**Your task**
Give again, exactly and only, the lines running from the one with "Halve kip bereid" to the end of the material below; leave out pictures.

**Dataset content**
=======
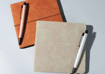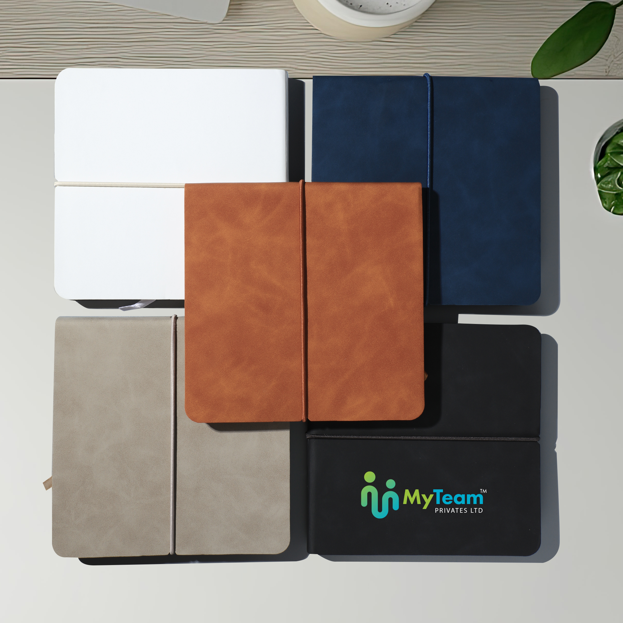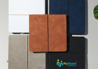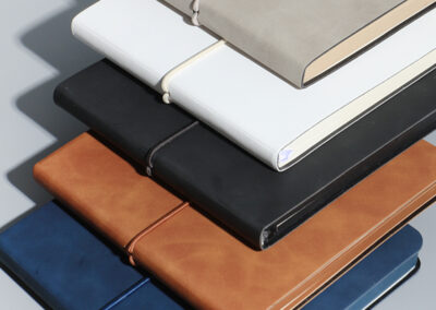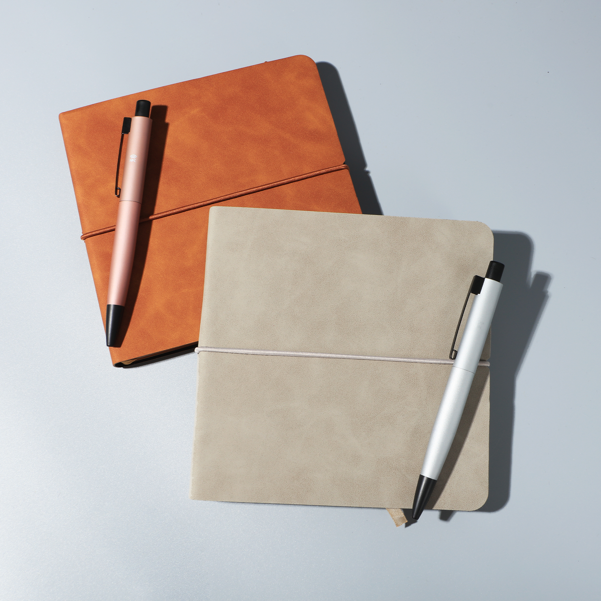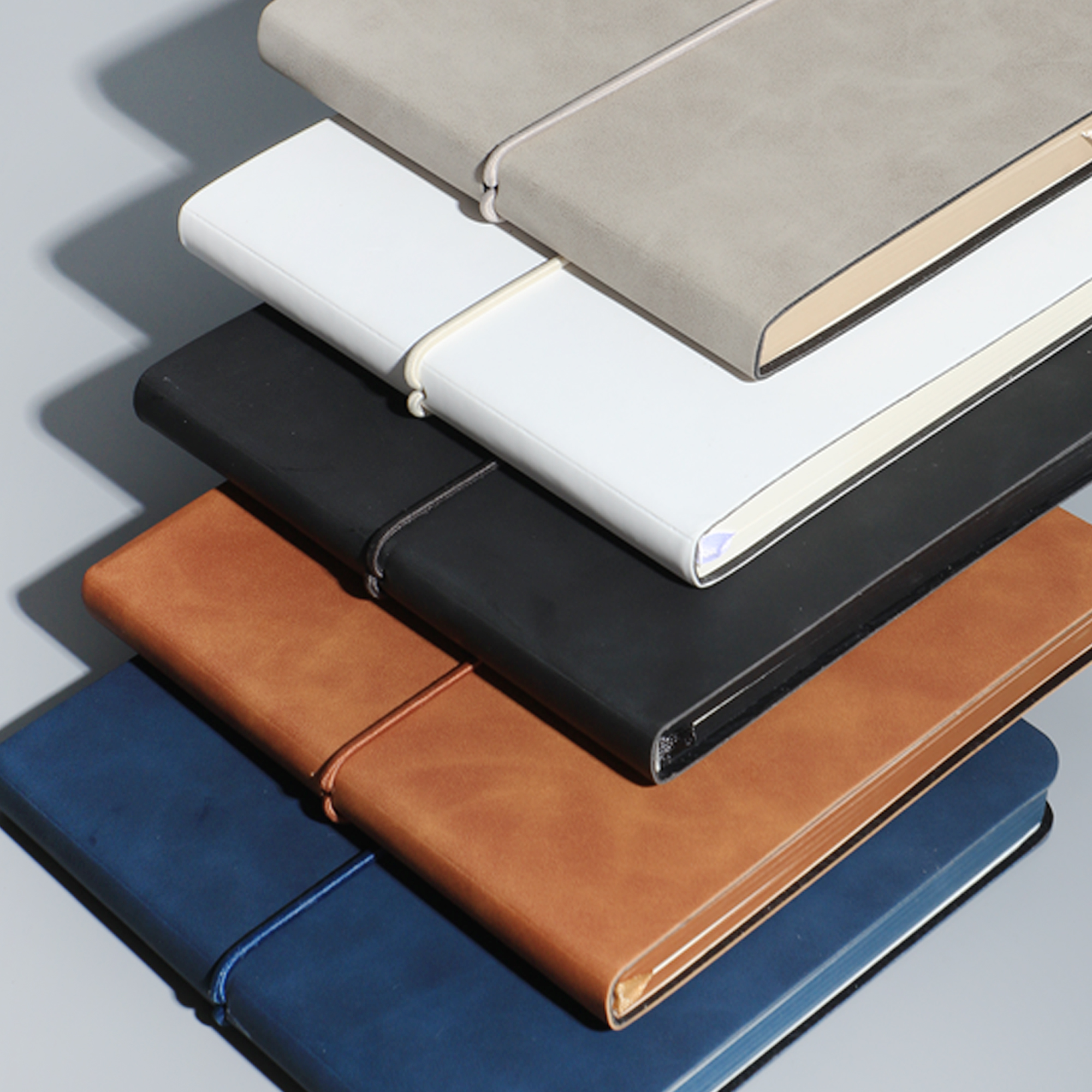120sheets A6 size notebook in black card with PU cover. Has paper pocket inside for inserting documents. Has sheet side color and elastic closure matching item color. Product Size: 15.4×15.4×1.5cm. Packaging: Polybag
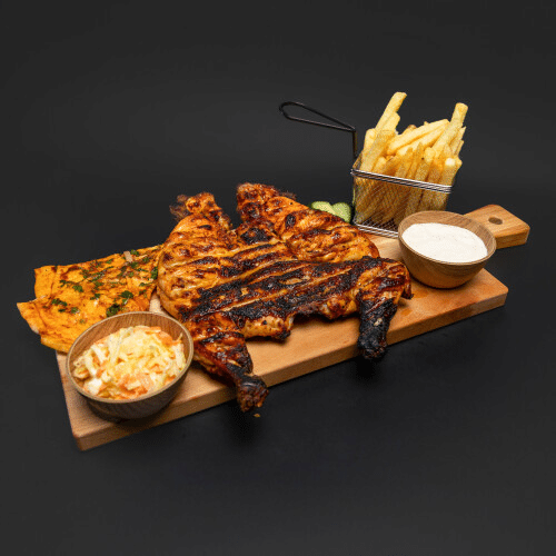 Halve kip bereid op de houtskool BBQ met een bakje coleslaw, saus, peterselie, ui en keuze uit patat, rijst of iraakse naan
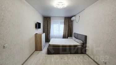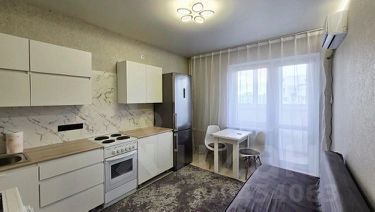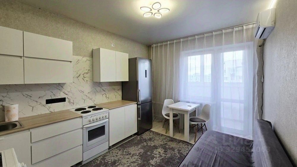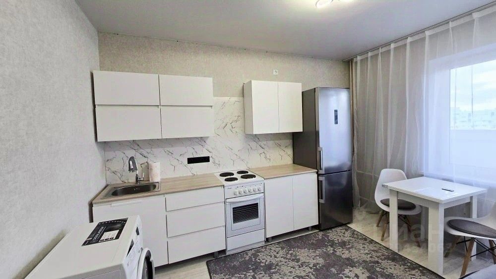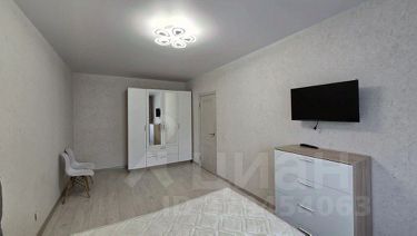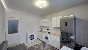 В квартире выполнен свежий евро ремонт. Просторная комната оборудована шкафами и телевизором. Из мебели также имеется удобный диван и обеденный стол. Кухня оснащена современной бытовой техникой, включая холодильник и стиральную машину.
=======
**Response area**
 Halve kip bereid op de houtskool BBQ met een bakje coleslaw, saus, peterselie, ui en keuze uit patat, rijst of iraakse naan
 В квартире выполнен свежий евро ремонт. Просторная комната оборудована шкафами и телевизором. Из мебели также имеется удобный диван и обеденный стол. Кухня оснащена современной бытовой техникой, включая холодильник и стиральную машину.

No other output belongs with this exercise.